Consider the following models.

class Artist(Base):
    __tablename__ = "artist"

    id = Column(Integer, primary_key=True)
    songs = relationship("Song", cascade="all, delete")

class Song(Base):
    __tablename__ = "song"

    id = Column(Integer, primary_key=True)
    artist_id = Column(Integer, ForeignKey("artist.id", ondelete="CASCADE"))

Deleting artists will cause the ORM to issue delete queries on the Song table, thus preventing the deletes from happening as a result of the foreign key. This behavior can become a bottleneck with complex relationships and a large number of records.

Include the passive_deletes option to ensure that the database is managing relationships. Be sure, however, that your database is capable of this. SQLite, for example, does not manage foreign keys by default.

songs = relationship("Song", cascade="all, delete", passive_deletes=True)

Relying on lazy loading when eager loading should be used

Lazy loading is the default SQLAlchemy approach to relationships. Building from the last example, this implies that loading an artist does not simultaneously load his or her songs. This is usually a good idea, but the separate queries can be wasteful if certain relationships always need to be loaded.

Popular serialization frameworks like Marshmallow can trigger a cascade of queries if relationships are allowed to load in a lazy fashion.

There are a few ways to control this behavior. The simplest method is through the relationship function itself.

songs = relationship("Song", lazy="joined", cascade="all, delete")
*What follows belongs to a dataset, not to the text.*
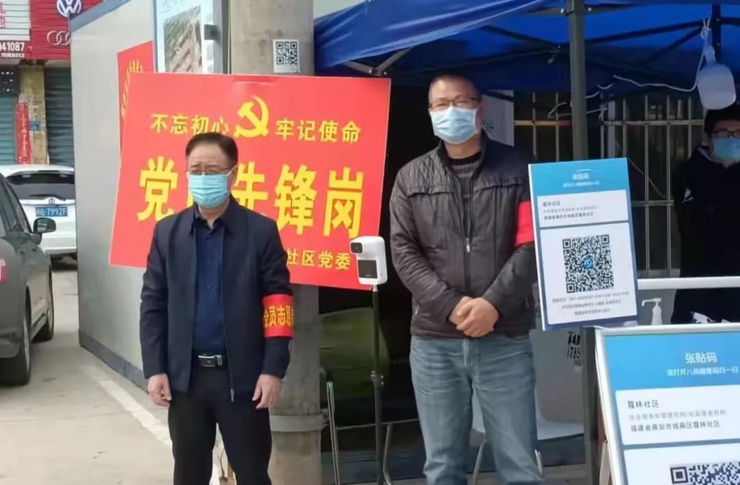 城厢区人大常委会委员、环城工委主任林荣聪,区人大常委会委员翁福铭,在社区卡点开展志愿者服务活动,做好测温查验等工作。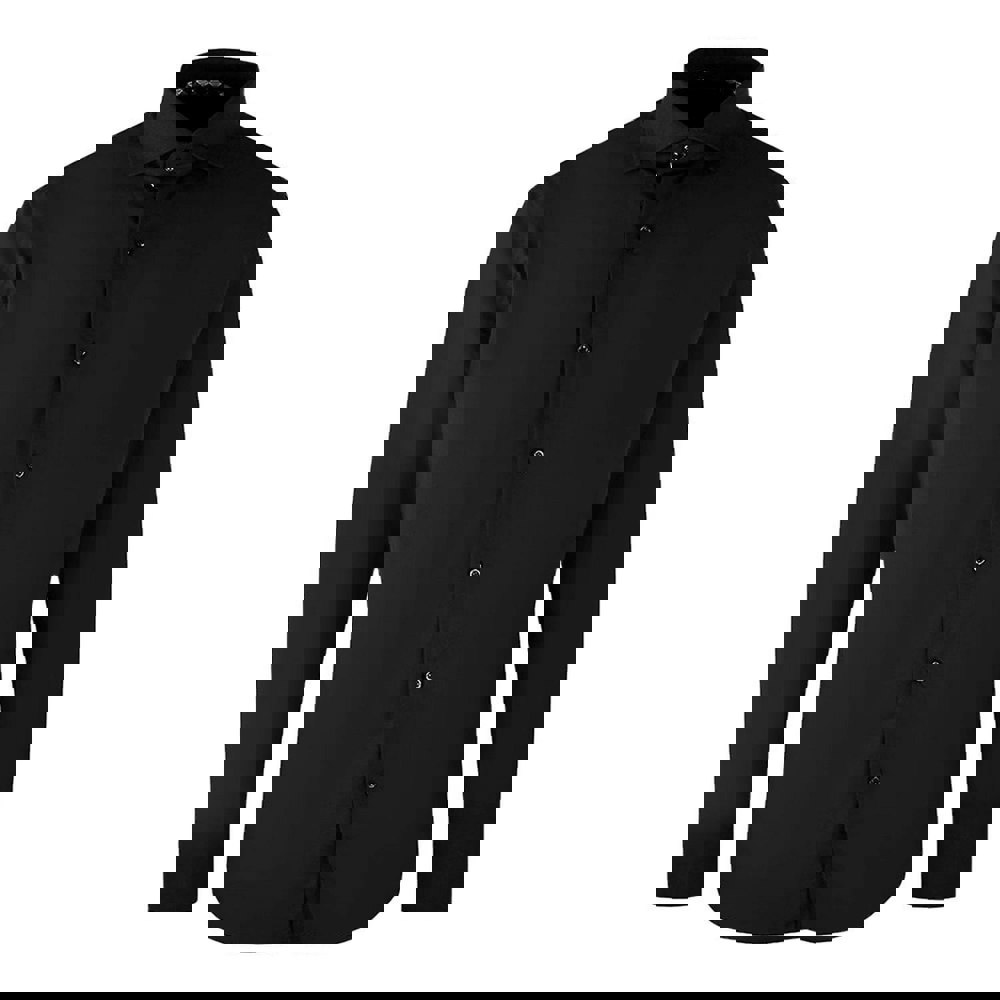 Details include a button-down fastening and a turn down collar. The cuffs are finished with a double button, and the hem is rounded for a clean, classic outline.

This will cause a left join to be added to any query for artists, and as a result, the songs collection will be immediately available. Although more data is returned to the client, there are potentially far fewer roundtrips.

SQLAlchemy offers finer-grained control for situations where such a blanket approach can't be taken. The joinedload() function can be used to toggle joined loading on a per-query basis.

from sqlalchemy.orm import joinedload

artists = Artist.query.options(joinedload(Artist.songs))
print(artists.songs) # Does not incur a roundtrip to load

Using the ORM for a bulk record import

The overhead of constructing full model instances becomes a major bottleneck when importing thousands of records. Imagine, for example, loading thousands of song records from a file where each song has first been converted to a dictionary.

for song in songs:
    db.session.add(Song(**song))

Instead, bypass the ORM and use just the parameter binding functionality of core SQLAlchemy.

batch = []
insert_stmt = Song.__table__.insert()
for song in songs:
    if len(batch) > 1000:
       db.session.execute(insert_stmt, batch)
       batch.clear()
    batch.append(song)
if batch:
    db.session.execute(insert_stmt, batch)

Keep in mind that this method naturally skips any client-side ORM logic you might depend on, such as Python-based column defaults. While this method is faster than loading objects as full model instances, your database may have bulk loading methods that are faster. PostgreSQL, for example, has the COPY command that offers perhaps the best performance for loading large numbers of records.

Calling commit or flush prematurely

There are many occasions when you need to associate a child record to its parent, or vice versa. One obvious way of doing this is to flush the session so that the record in question will be assigned an ID.

artist = Artist(name="Bob Dylan")
song = Song(title="Mr. Tambourine Man")

db.session.add(artist)
db.session.flush()

song.artist_id = artist.id

Committing or flushing more than once per request is usually unnecessary and undesirable. A database flush involves forcing disk writes on the database server, and in most circumstances, the client will block until the server can acknowledge that the data has been written.

SQLAlchemy can track relationships and manage keys behind the scenes.

artist = Artist(name="Bob Dylan")
song = Song(title="Mr. Tambourine Man")

artist.songs.append(song)

Wrapping up

I hope this list of common pitfalls can help you avoid these issues and keep your application running smoothly. As always, when diagnosing a performance problem, measurement is key. Most databases offer performance diagnostics that can help you pinpoint issues, such as the PostgreSQL pg_stat_statements module.